In general, it is quite expensive to find the optimal $\alpha_k$ in each iteration. Therefore, we usually use some simple strategies to find a good $\alpha_k$, which leads to the *inexact line search*. The most popular one is the so-called **Wolfe Conditions**.

The **Wolfe Conditions** are two inequalities that the step length $\alpha_k$ should satisfy:

- **Sufficient decrease condition** (also called **Armijo condition**): $f(x_k + \alpha_k p_k) \leq f(x_k) + c_1 \alpha_k \nabla f_k^T p_k$ with $0 < c_1 < 1$.
- **Curvature condition**: $\nabla f(x_k + \alpha_k p_k)^T p_k \geq c_2 \nabla f_k^T p_k$ with $0 < c_1 < c_2 < 1$.

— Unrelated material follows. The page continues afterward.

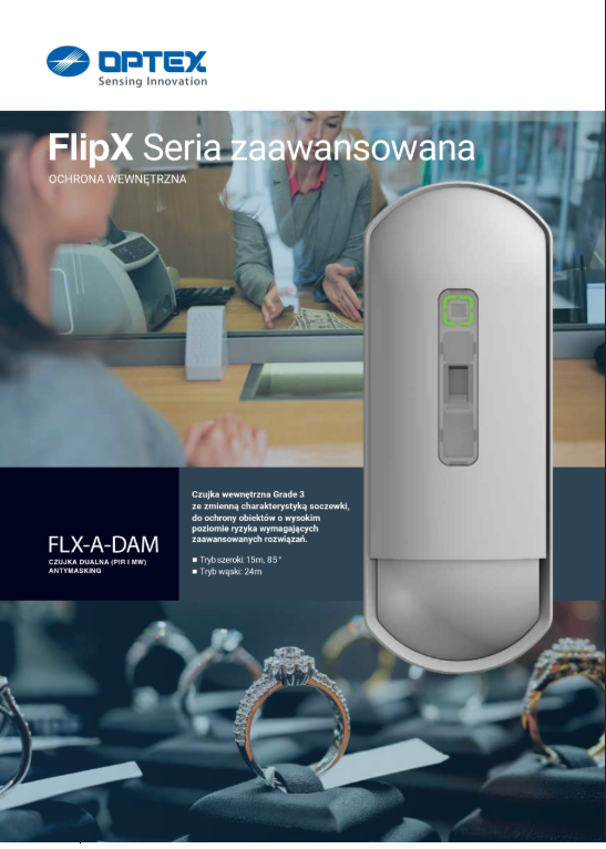 Przeznaczone do zastosowań wymagających wysokiego poziomu zabezpieczeń modele FlipX Advanced są wyposażone w funkcję antymaskingu podczerwieni i mikrofali generującą sygnał usterki w przypadku próby zakrycia czujki. Produkt wykrywa próby przesłonięcia zarówno powierzchni soczewki, jak i przedniej pokrywy, umożliwiając ich wykrycie oraz wywołanie alarmu niezależnie od miejsca przesłonięcia.
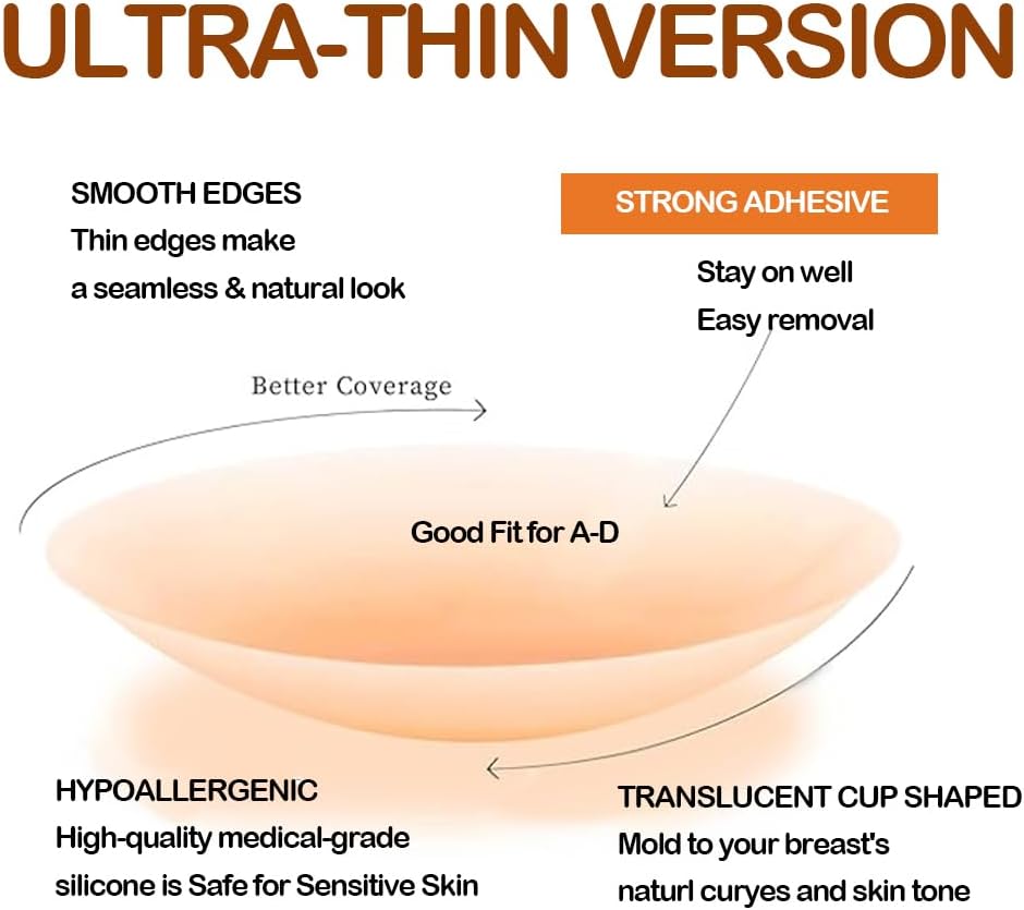 Comfortable and Portable - Women's nipple Pasties are so comfortable that you'll forget you're using them. These invisible silicone breast pads are designed to be small enough to fit in your handbag. These silicone breast pads provide a reliable solution for women looking for comfort and confidence. Say goodbye to the worry of running out of money and embrace peace of mind throughout the day.

The step length satisfying the **Wolfe Conditions** is called a **Wolfe step**, which may not be close to the exact step length. In order to force the steo length to be close to the exact step length, we can use the **strong Wolfe Conditions**:

- **Sufficient decrease condition**: $f(x_k + \alpha_k p_k) \leq f(x_k) + c_1 \alpha_k \nabla f_k^T p_k$ with $0 < c_1 < 1$.
- **Curvature condition**: $|\nabla f(x_k + \alpha_k p_k)^T p_k| \leq c_2 |\nabla f_k^T p_k|$ with $0 < c_1 < c_2 < 1$.

The only difference is the derivative $\phi'(\alpha_k)$ in the curvature condition is replaced by its absolute value $|\phi'(\alpha_k)|$, which cannot be too positive.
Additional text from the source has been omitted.